How so? Too many case values? Too widely dispersed case values which
prevents optimization? What?


Rod Pemberton
 
Rod Pemberton...
Posted: Tue Nov 03, 2009 2:37 am
Guest
"BGB / cr88192" <cr88192 at (no spam) hotmail.com> wrote in message
news:hckpa8$aj2$1 at (no spam) news.albasani.net...
Quote:

but, the hash is not used for opcode lookup/decoding, rather it is used
for grabbing already decoded instructions from a cache (which is
based on memory address).


Your hash generates, what, 64k of possible hash values or memory locations?
What if you reduce the size to 4k? 4k/sizeof(void *)? Will this allow to
compiler to simplify the generated assembly?
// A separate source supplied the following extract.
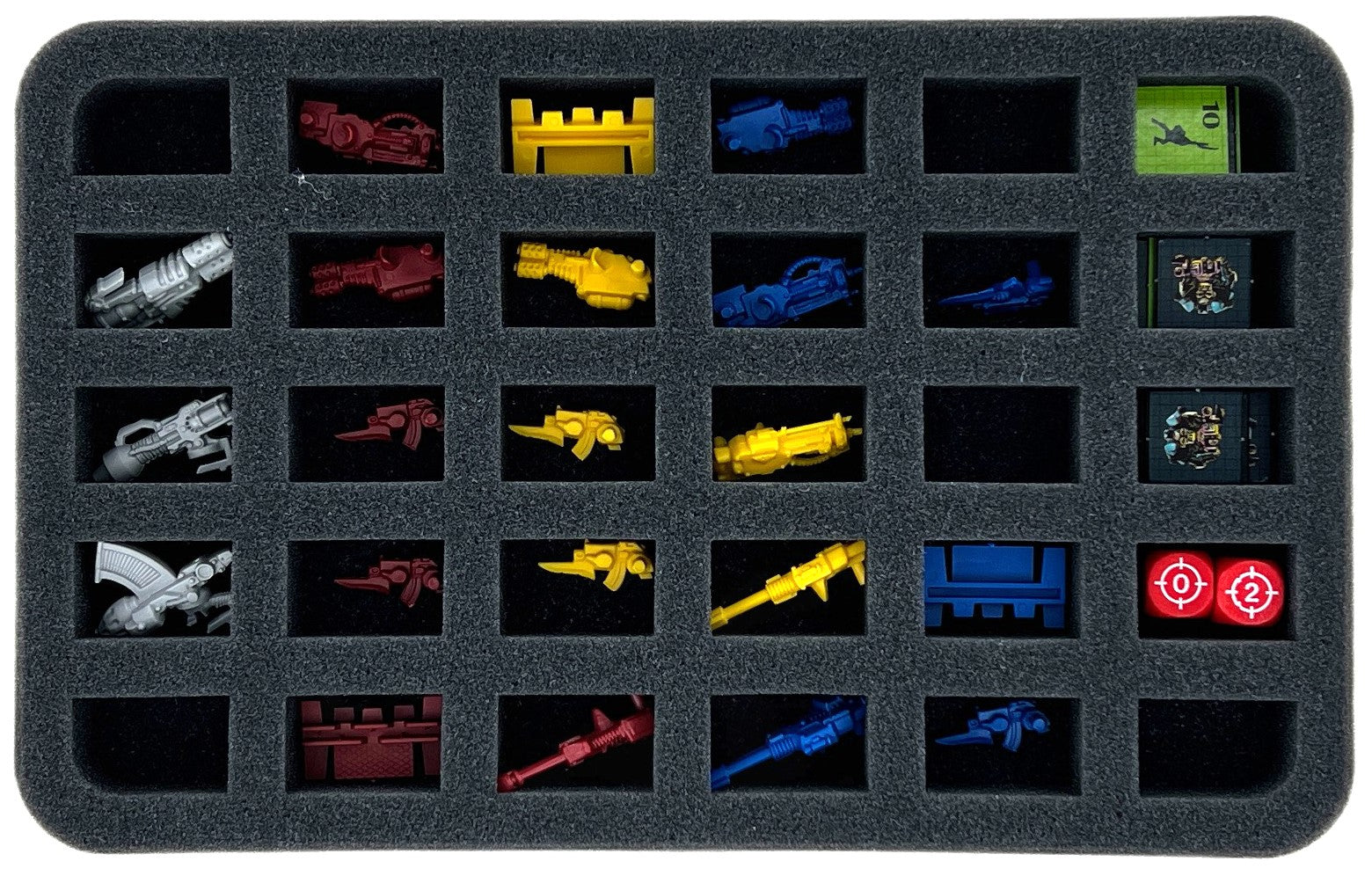 - 1 Half-Size Schaumstoffeinlage mit Waffenoptionen, Schwere Waffenoptionen, Dreadnought Waffenoptionen und Spielmaterial (HSHJ030BO)

The randomness doesn't have to come from multiplication. It can come from
other sources such as a lookup array of randomized data.


Rod Pemberton
 
Rod Pemberton...
Posted: Tue Nov 03, 2009 2:38 am
Guest
"BGB / cr88192" <cr88192 at (no spam) hotmail.com> wrote in message
news:hcjarj$vro$1 at (no spam) news.albasani.net...
Quote:

hash EIP (currently: "((EIP*65521)>>16)&65535");


The shift truncates the value to the mask size. I.e., &65535 is not needed.
Yes?


Rod Pemberton
 
Rod Pemberton...
Posted: Tue Nov 03, 2009 2:38 am
Guest
"BGB / cr88192" <cr88192 at (no spam) hotmail.com> wrote in message
news:hcke2u$n5l$1 at (no spam) news.albasani.net...
Quote:

according to the profiler, another major source of time use is:
"rip=ctx->sreg_base[0]+ctx->eip;"


What happens if you eliminate struct ctx? I.e., make both sreg_base and eip
separate variables. What happens with file scope? ... with local scope?


Rod Pemberton
 
BGB / cr88192...
Posted: Tue Nov 03, 2009 4:34 am
Guest
"Rod Pemberton" <do_not_have at (no spam) nohavenot.cmm> wrote in message
news:hcnjkn$7bt$1 at (no spam) aioe.org...
Quote:
"BGB / cr88192" <cr88192 at (no spam) hotmail.com> wrote in message
news:hcke2u$n5l$1 at (no spam) news.albasani.net...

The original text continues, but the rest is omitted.